Sos-convex Lyapunov functions are necessary and sufficient for stability of switched linear systems.

Existence of a convex Lyapunov function implies stability in switched nonlinear systems.

The proposed SDP-based method can compute regions of attraction for polynomial systems.

Abstract

We introduce the concept of sos-convex Lyapunov functions for stability analysis of both linear and nonlinear difference inclusions (also known as discrete-time switched systems). These are polynomial Lyapunov functions that have an algebraic certificate of convexity and that can be efficiently found via semidefinite programming. We prove that sos-convex Lyapunov functions are universal (i.e., necessary and sufficient) for stability analysis of switched linear systems.

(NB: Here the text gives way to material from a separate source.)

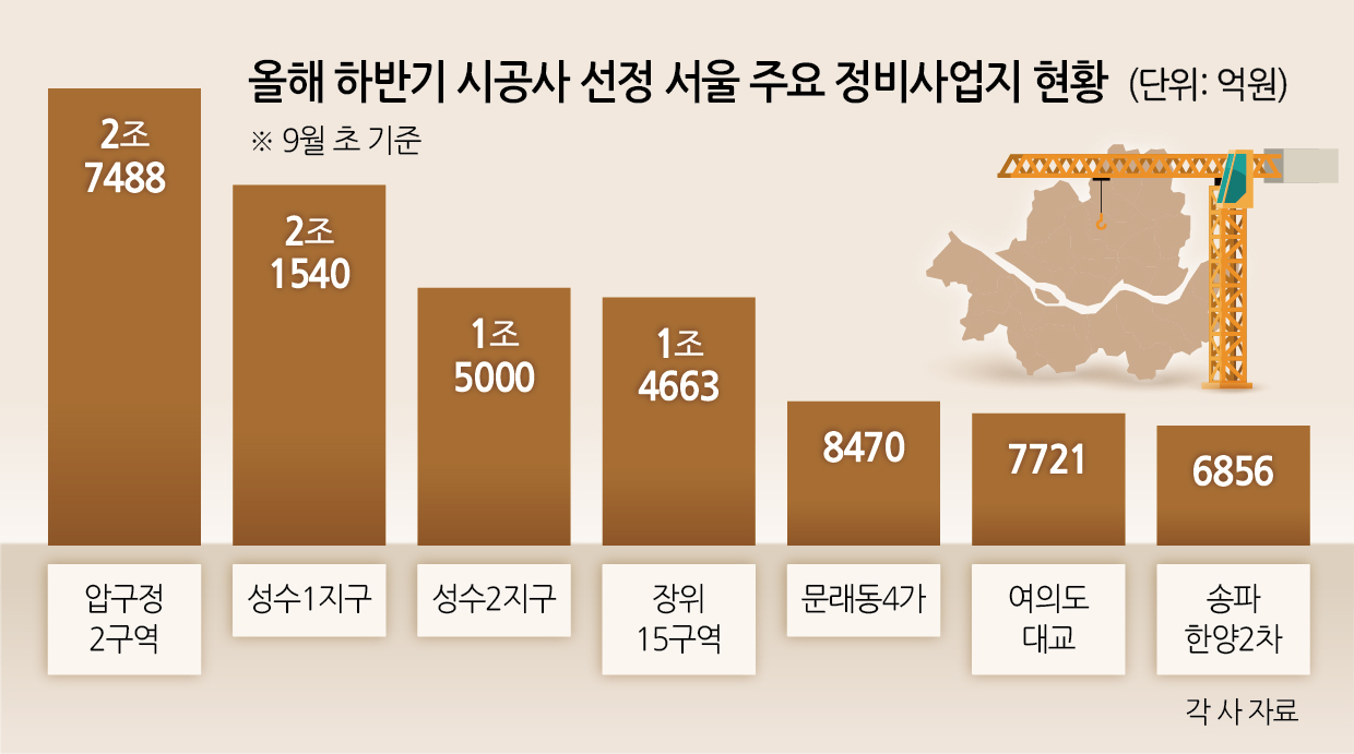 5일 정비업계에 따르면 하반기에 총 10조 규모 수주전이 펼쳐진다. 가장 규모가 큰 강남구 압구정2구역 재건축(2조7488억원)과 성동구 성수1지구(2조1540억원)를 비롯해 성수2지구(1조7846억원), 성북구 장위15구역 재개발(1조4663억원), 은평구 증산4구역 재개발(1조9435억원), 영등포구 문래동4가 재개발(8470억원), 여의도 대교아파트 재건축(7721억원), 송파한양2차(6856억원) 등이 줄줄이 시공사 선정에 나선다.
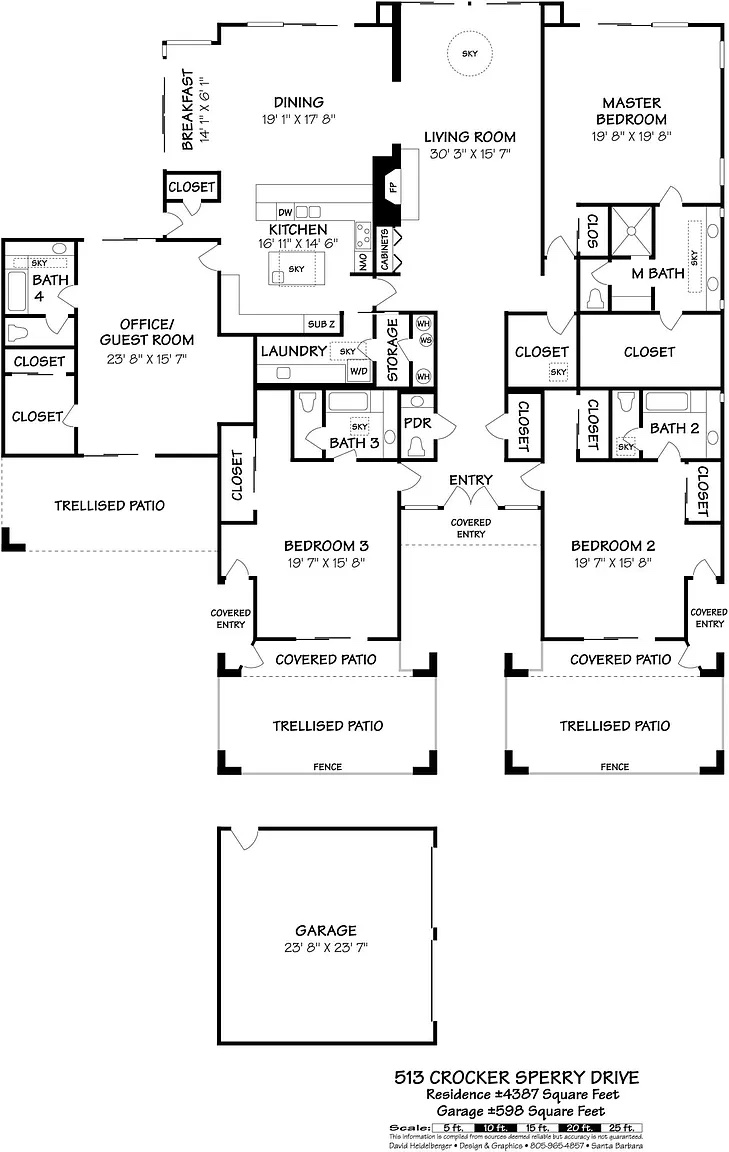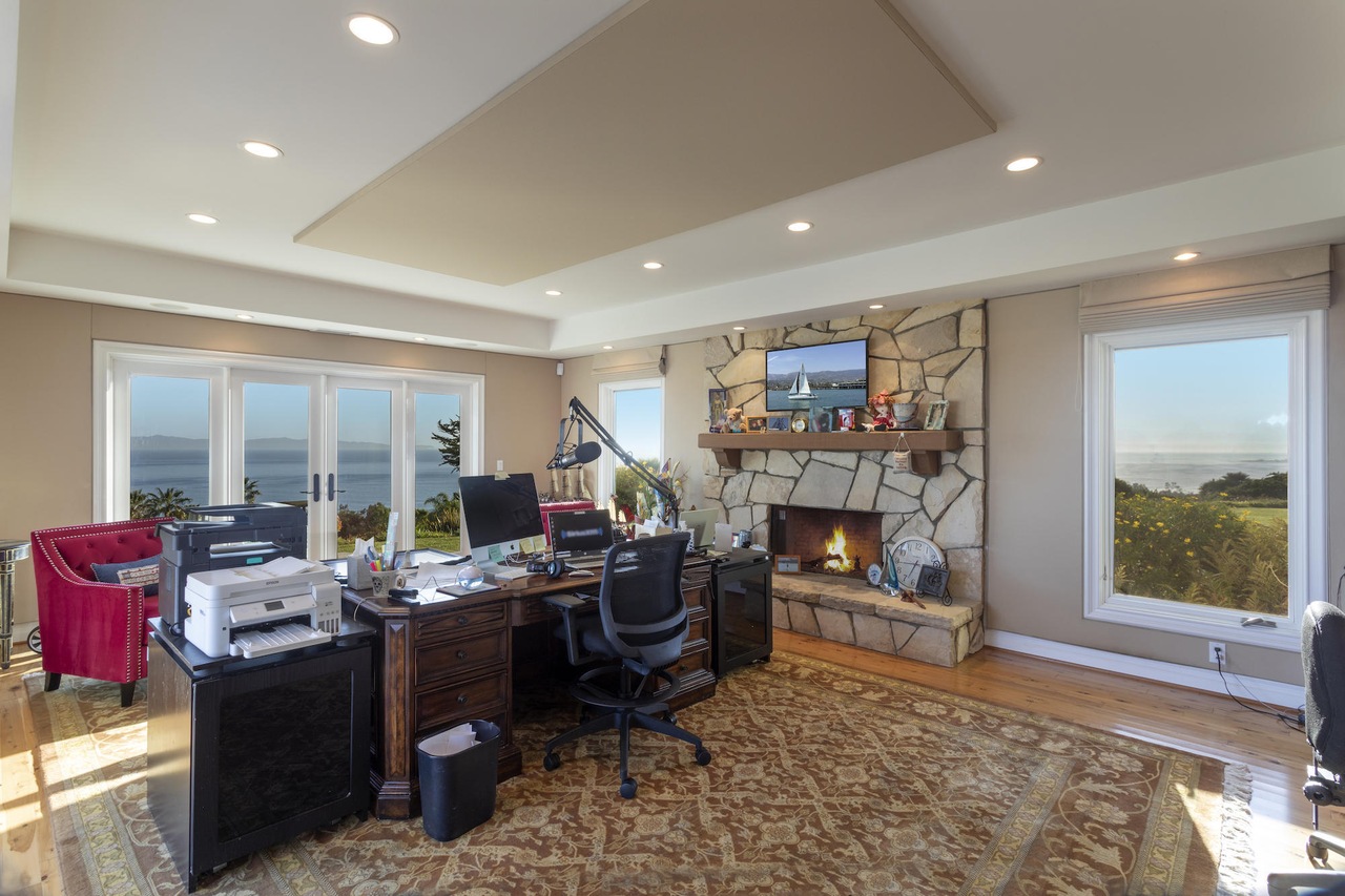 I can’t recall a house as suburban in style as 3201 Campanil Drive ($22.85 million) asking anywhere near $22.85 million, but the setting and views are certainly special, and maybe the idea of nine bedrooms is appealing. While the Campanil neighborhood can’t compare to Montecito in terms of cachet or charm—there’s a distinct whiff of Orange County—it does have ocean views without freeway noise. P.S. The microphone in the office is a clue to the owner’s profession.

We show via an explicit example however that the minimum degree of a convex polynomial Lyapunov function can be arbitrarily higher than a non-convex polynomial Lyapunov function. In the case of switched nonlinear systems, we prove that existence of a common non-convex Lyapunov function does not imply stability, but existence of a common convex Lyapunov function does. We then provide a semidefinite programming-based procedure for computing a full-dimensional subset of the region of attraction of equilibrium points of switched polynomial systems, under the condition that their linearization be stable. We conclude by showing that our semidefinite program can be extended to search for Lyapunov functions that are pointwise maxima of sos-convex polynomials.